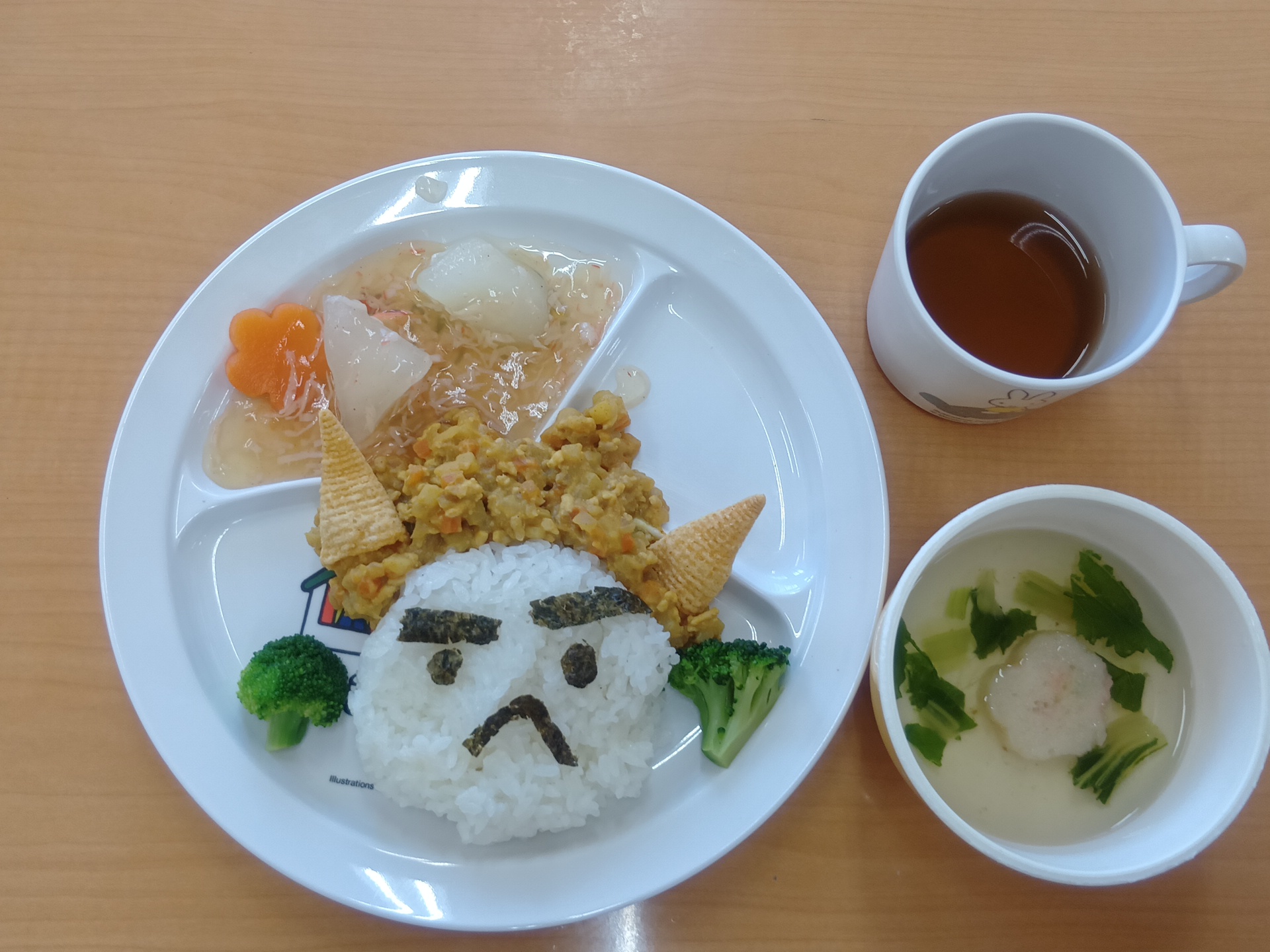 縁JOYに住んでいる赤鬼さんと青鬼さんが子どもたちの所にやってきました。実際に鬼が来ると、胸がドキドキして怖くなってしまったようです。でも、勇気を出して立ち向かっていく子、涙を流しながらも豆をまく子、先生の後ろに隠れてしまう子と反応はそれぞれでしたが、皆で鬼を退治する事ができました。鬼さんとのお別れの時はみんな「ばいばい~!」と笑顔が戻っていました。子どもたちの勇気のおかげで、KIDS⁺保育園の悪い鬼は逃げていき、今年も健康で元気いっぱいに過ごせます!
========
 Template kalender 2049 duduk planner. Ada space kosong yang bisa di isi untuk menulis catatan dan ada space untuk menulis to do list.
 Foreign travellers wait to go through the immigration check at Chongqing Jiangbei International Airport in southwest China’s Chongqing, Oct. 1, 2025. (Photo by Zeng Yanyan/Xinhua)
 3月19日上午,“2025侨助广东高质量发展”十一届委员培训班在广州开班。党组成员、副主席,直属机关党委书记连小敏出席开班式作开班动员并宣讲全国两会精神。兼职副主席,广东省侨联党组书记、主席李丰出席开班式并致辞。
========
How to complete this task »
Return only the lines between the one holding "Template kalender 2049" and the one holding "Foreign travellers wait", inclusive, exactly as they appear above.

Answer below »
 Template kalender 2049 duduk planner. Ada space kosong yang bisa di isi untuk menulis catatan dan ada space untuk menulis to do list.
 Foreign travellers wait to go through the immigration check at Chongqing Jiangbei International Airport in southwest China’s Chongqing, Oct. 1, 2025. (Photo by Zeng Yanyan/Xinhua)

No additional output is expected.